Controversial embryo screening method improves live birth rates
Preimplantation genetic testing for aneuploidy, or PGT-A, improved in vitro fertilization success rates and guarded against miscarriage, despite guidance suggesting that it is not effective or safe, according to researchers.
Fertility clinics use PGT-A to screen for gross genetic abnormalities in human IVF embryos. While supporters say the treatment is effective and safe, others say randomized clinical trials have not established its safety or efficacy and that patients should not be subjected to it, especially since they have to pay for it.
The Human Fertilisation and Embryology Authority (HFEA) in the United Kingdom agreed that PGT-A’s safety and efficacy have not been established and gave the practice two “red lights” in the past, but recently changed that rating to one red light.
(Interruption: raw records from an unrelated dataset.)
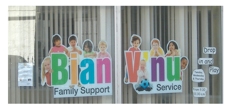
Figure 3 - Sign in Guernesiais at a family support centre

In Guernsey the appointment of a Language Officer provided a contact point for language-related enquiries. This led to increased inclusion of some Guernesiais in the branding of local products and services, and to requests from local businesses and organisations for translations of slogans: eg bus timetables, notices at an agricultural show, signs at sports centres and a family centre (see Figure 3).
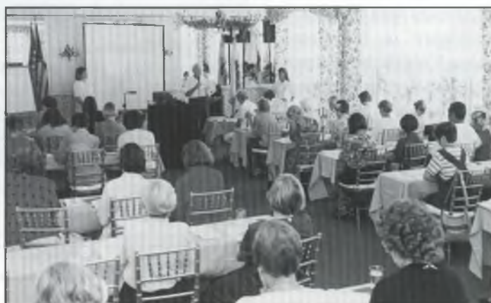
Palomar Chapter members conducting Flying Companion Seminar at ABS Convention in San Diego, California.
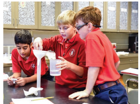
Fifth graders test the absorbency of various brands of paper towels during this Lower School Science Lab exercise.

The researchers used freedom of information requests to acquire data from HFEA about PGT-A and non-PGT-A cycle outcomes from 2016 to 2018. The retrospective cohort analysis examined the differences between these groups but without controlling for confounders besides maternal age, which the researchers called the leading known risk factor for chromosome abnormalities. Fresh and frozen transfers were included as well.
“This data will hopefully aid the HFEA in their continual surveillance of the ‘red traffic light’ guidance that currently states there is no evidence that PGT-A is effective or safe,” author Darren Griffin, PhD, professor of genetics at the University of Kent, said in a press release.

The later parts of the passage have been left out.